Table 2. forecast evaluation of the three pairs, based on model and forecast selection using minimum predictive loss; evaluation starts from 2011 and ends in 2023; d is the transfer delay and s is the dimension of the state variable in ESN; the last column corresponds to the model that is selected by the minimum predictive loss of the previous period.
I illustrate the time-varying performance based on predictive loss for pair #1, the advance retail sales and inflation, in Figure 1 below. It is immediately apparent that there is scope for forecast rotation but, in this particular pair, this scope is limited as the ESN seems to dominate by having the smallest predictive loss overall, on average, and to performing particularly well after the Covid-19 crisis period (becomes more accurate faster and stays as a top performing model till the end of the evaluation period).
Figure 1. time-varying estimation of the coefficient of predictive loss for pair #1, rolling window of 60 months
Here are some key takeaways from the above analysis:
a) the ESN is a robust model for forecasting, as it includes both a linear and a non-linear component and nests an LTF model with the same explanatory variables.

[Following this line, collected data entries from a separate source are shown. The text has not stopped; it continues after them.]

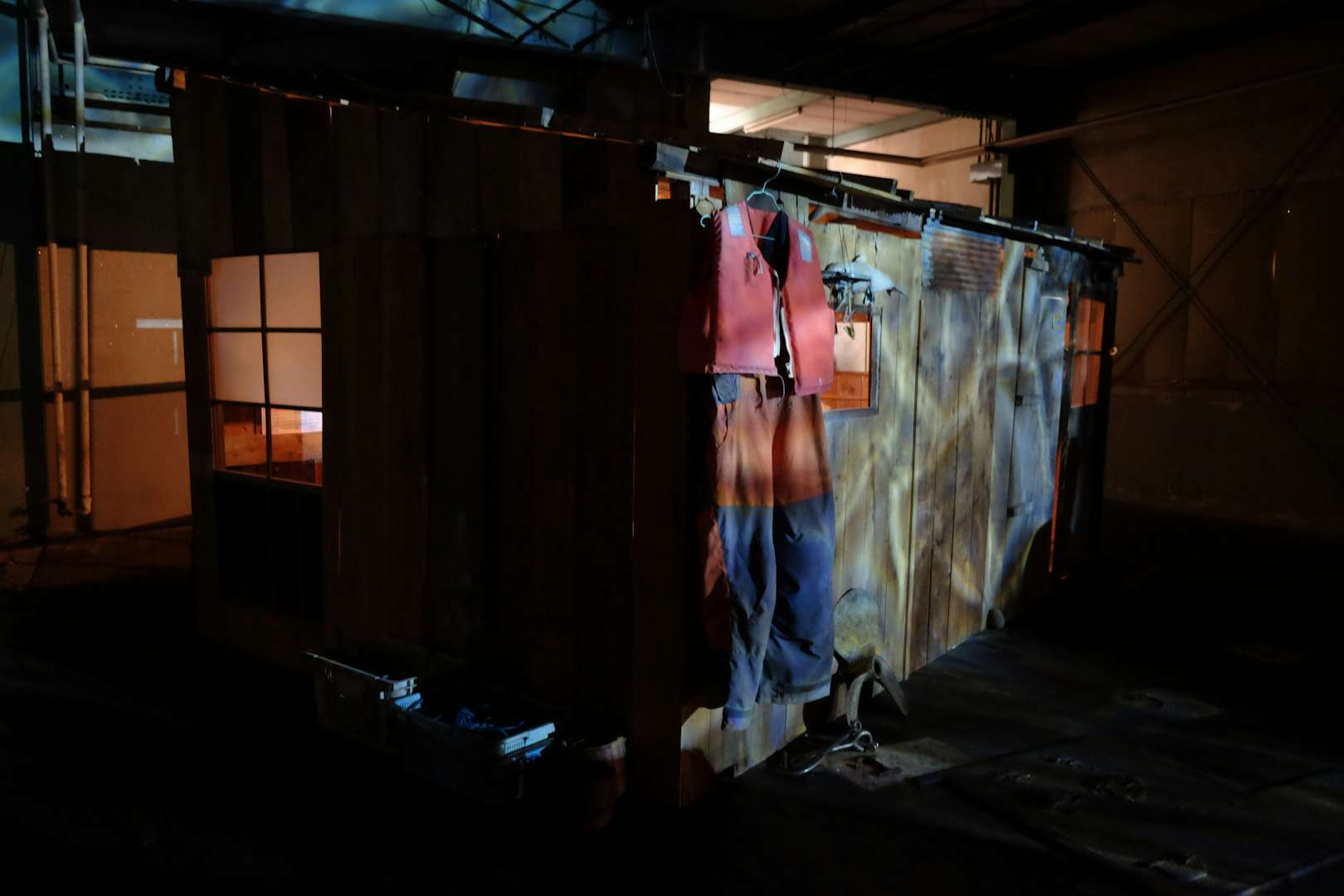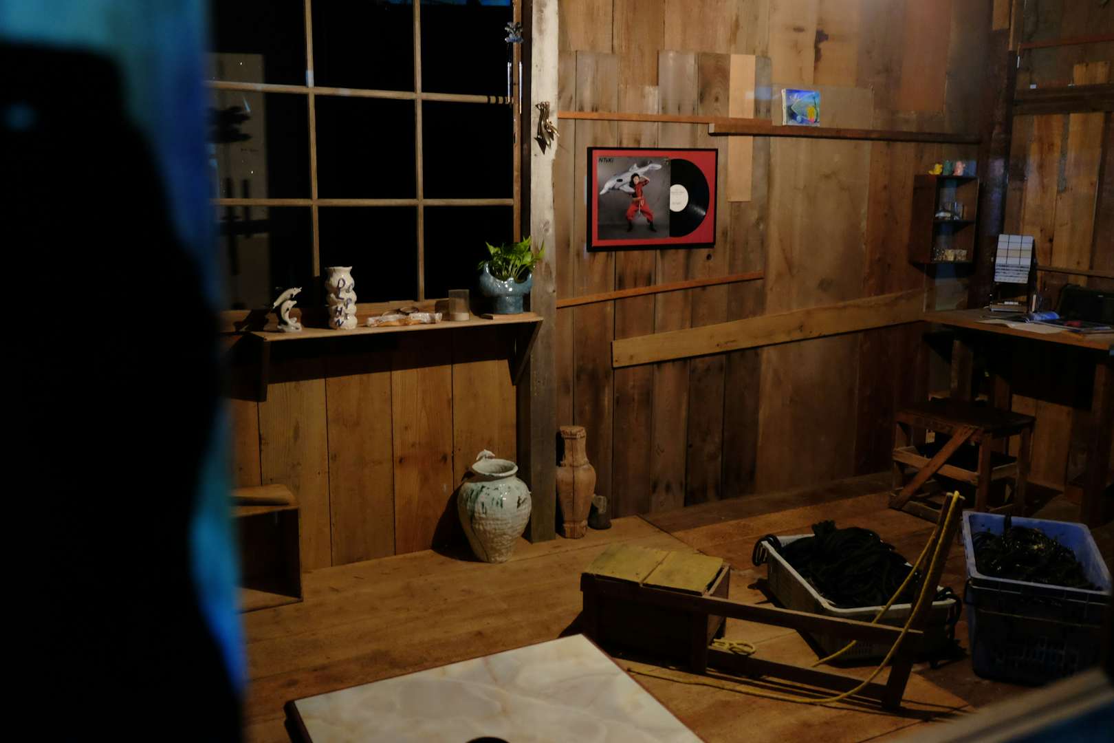 廃材を集めてつくられた小屋のなかには、3人の作家が持ち寄った品々が集められ、ドルフィン・マンの生活を窓の外から覗き込むことができる。映像はNTsKiが手がけ、小屋の設置をDAISAKが、照明などの演出を川勝が担当し、3人の共同ディレクションによる作業でつくりあげた。
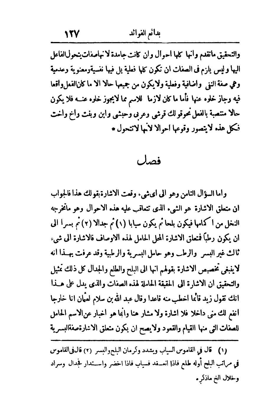 وأما السؤال الثامن: وهو إلى أي شيء وقعت الإشارة بقولك هذا فالجواب أن متعلق الإشارة هو الشيء الذي تتعاقب عليه هذه الأحوال وهو ما تخرجه النخل من أكمامها فيكون بلحا ثم يكون سيابا ثم جدالا ثم بسرا إلى أن يكون رطبا فمتعلق الإشارة المحل الحامل لهذه الأوصاف فالإشارة إلى شيء ثالث غير البسر والرطب وهو حامل البسرية والرطبة وقد عرفت بهذا أنه لا ينبغي تخصيص الإشارة بقولهم إنها إلى البلح والطلع والجدال كل ذلك تمثيل والتحقيق أن الإشارة إلى الحقيقة الحاملة لهذه الصفات والذي يدل على هذا أنك تقول زيد قائما أخطب منه قاعدا وقال عبد الله بن سلام لعثمان: "أنا خارجا أنفع لك مني" داخلا فلا إشارة ولا مشار هنا وإنما هو إخبار عن الاسم الحامل للصفات التي منها القيام والقعود ولا يصح أن يكون متعلق الإشارة صفة البسرية
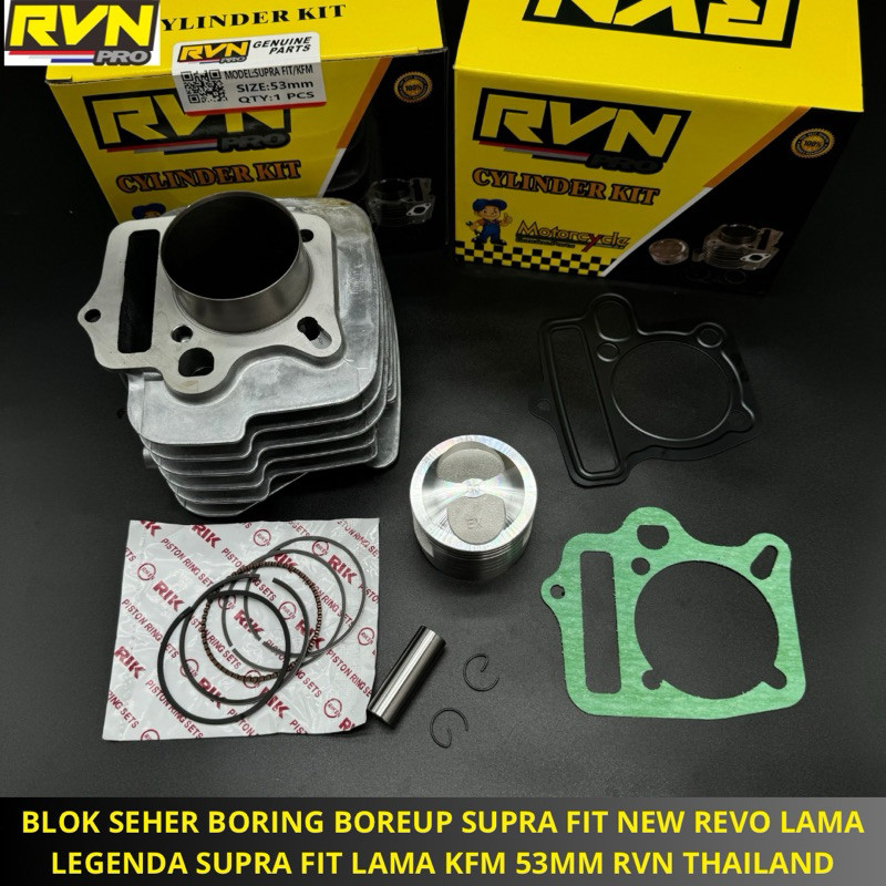 RVN CYLINDER BLOK SEHER BORING KOMPLIT BORE UP SUPRA FIT NEW/OLD REVO LAMA LEGENDA SUPRA FIT LAMA KFM 53MM 53 MM BLOCK SEHER BORUP FREE PAKING ORIGINAL RVN THAILAND | ORCA RACING
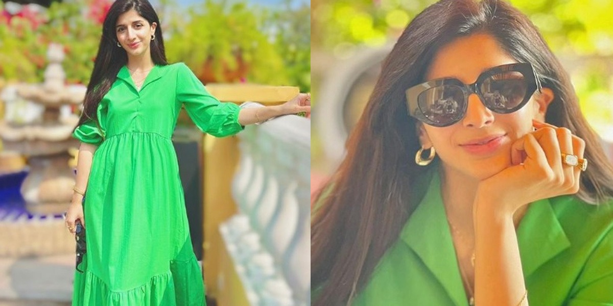 ماورہ حسین کی جانب سے پوسٹ کی جانے والی تصاویر میں دیکھا جا سکتا ہے کہ اداکارہ سبز رنگ کا لباس زیب تن کی ہوئی ہیں۔
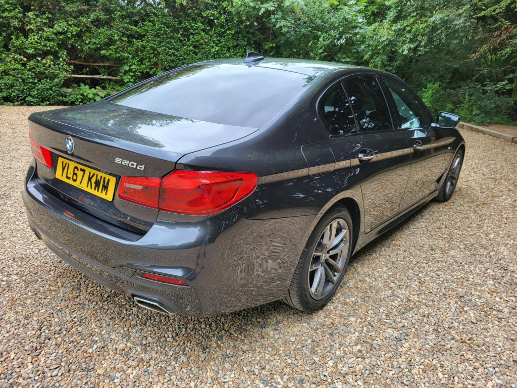 This 2018 BMW 5 Series 520d M Sport 4dr Auto is a sleek and stylish diesel saloon finished in metallic grey with black leather interior, just 72,000 miles with full BMW history, 5 seats, and 4 doors, making it the perfect family car. With an MOT that expires on 06/02/2026 and ULEZ compliance, this vehicle promises reliability and low emissions. Previously owned by 2 registered keepers, it comes equipped with advanced features including a 20GB hard drive, BMW Teleservices, digital cockpit, front/rear parking distance control, and an iDrive controller with a 10.2'' color display monitor with sat nav, auto digital climate control, auto on headlights, rain sensing wipers, USB & AUX in, DAB digital radio, Bluetooth, F1 style gearshift paddles, two keys, Don't miss the chance to experience the luxury and performance of this BMW 5 Series - it's a true driver's dream. Two keys, finance & warranty packages available. gb hard drive, bmw teleservices, digital cockpit, front/rear parking distance control, idrive controller and display with 10.2'' colour display monitor, navigation system professional multimedia, on board computer, outside temperature display, personal profile, service interval indicator, speed limiter, voice control system, anti-roll bars, diesel particulate filter, auxiliary input socket, bluetooth audio streaming, bmw professional radio/cd/mp3, dab digital radio, usb socket, auto dimming rear view mirror, body colour door handles, body coloured bumpers, body coloured door mirrors, body coloured side sills, chrome exhaust tailpipes, chrome kidney grille, dynamic brake lights, electric + heated aspheric door mirrors, electric front and rear windows with fingertip open/close + anti-trap all round, follow me home headlights, heated windscreen washer jets, illuminated door handles, individual door sill finishers, led daytime running lights, led fog lights, m aerodynamic body kit, rain sensor with auto light activation system, twin quadrilateral tailpipes, 12v power socket in rear, 2 x front 12v power sockets, 3 spoke m sports leather steering wheel, ambient interior lighting, anthracite velour floor mats, front centre armrest, front cupholders x 2, front footwell lights, front reading lights, gearshift paddles, heated front seats, illuminated glovebox with lock, isofix rear child seat preparation, multi-function controls for steering wheel, reach + rake adjustable steering column, rear centre armrest with 2 cupholders + storage, rear footwell lights, rear headrests, abs/ebd, automatic stability control (asc), bmw emergency call, cornering brake control (cbc), crash sensor - activates hazard/interior lighting + unlocks doors, driver/front passenger side airbags, driver/passenger airbags (impact dependent), dsc+, dynamic brake control, dynamic traction control - dtc, electromechanical parking brake, front and rear head airbags, front head restraints with anti-whiplash, front passenger airbag deactivation, hill start assist, inertia reel front seatbelts+pretensioners, three inertia reel rear seatbelts, tyre pressure monitoring system, warning triangle and first aid kit, engine immobiliser, locking wheel bolts, remote central locking, remote control thatcham category 1 alarm, 18'' Alloys
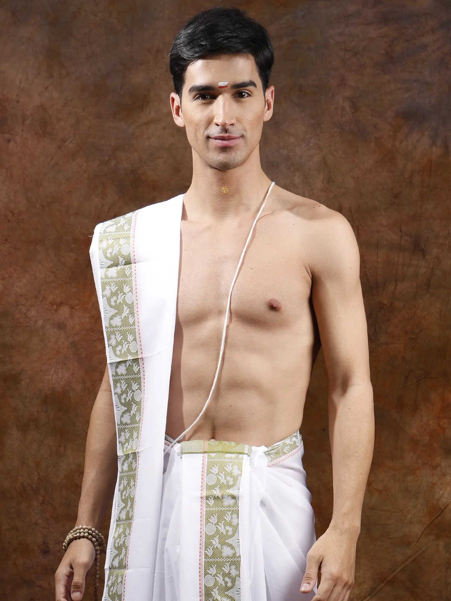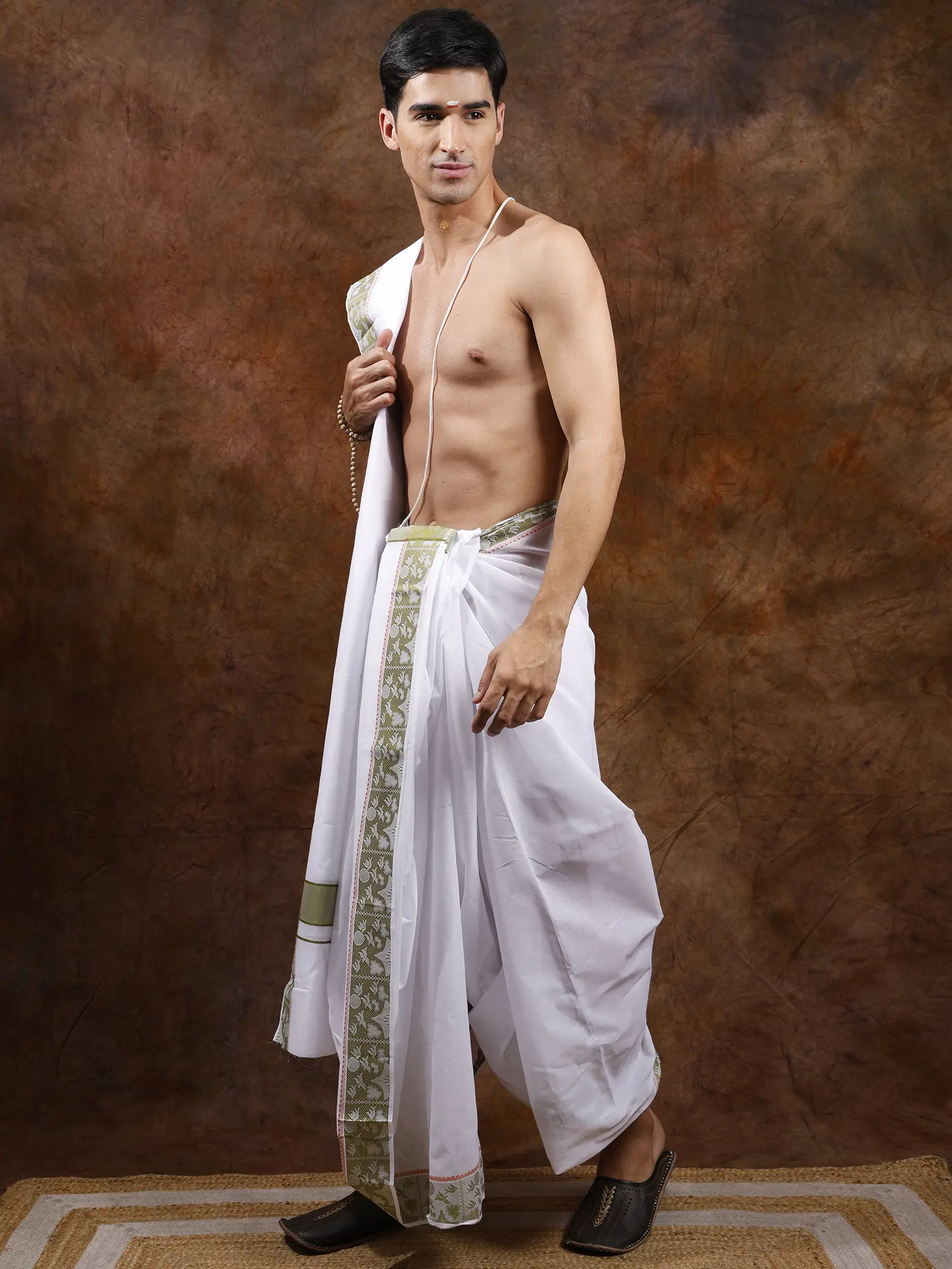 The dhoti features a generous length and width, promising a comfortable and graceful drape. What truly sets this set apart is the stunning woven border, accented with a subtle olive hue. The delicate pattern, featuring stylized birds, adds a touch of artistry and natural beauty to the traditional design. This detailed embroidery is a testament to skilled craftsmanship, transforming a classic garment into a piece of wearable art. The angavastram, a traditional shoulder cloth, complements the dhoti perfectly, echoing the same refined aesthetic and woven border.

b) the ESN is robust in the choice between rolling and recursive estimation window; it performs uniformly well with an expanding window thus eliminating the need for rolling window selection - this is in contrast with the LTF (or the AR(1)) model which might perform better with a rolling window (which one?!)
c) Standard measures of predictive accuracy such as the MSE or the MAE do not necessarily coincide in their model rankings with the measures of predictive loss and, importantly, the use of minimum predictive loss can assist in model and forecast rotation for improving most or all performance metrics.
d) static, full-sample, measures of predictive accuracy are not as informative as time-varying ones and one would gain additional information about model robustness and model performance if he or she looks at the static and dynamic measures at the same time.
Grab the Python code from my repository and experiment for yourselves. The code is easy to understand and easy to "cannibalize" for your own projects. Discover the forecasting power of the ESN and the robustness of performance evaluation based on the coefficient of predictive loss - you can also work more on the model selection approach for the dimension of the state variable in the ESN as in previous posts thus adding one more layer of automation in your code!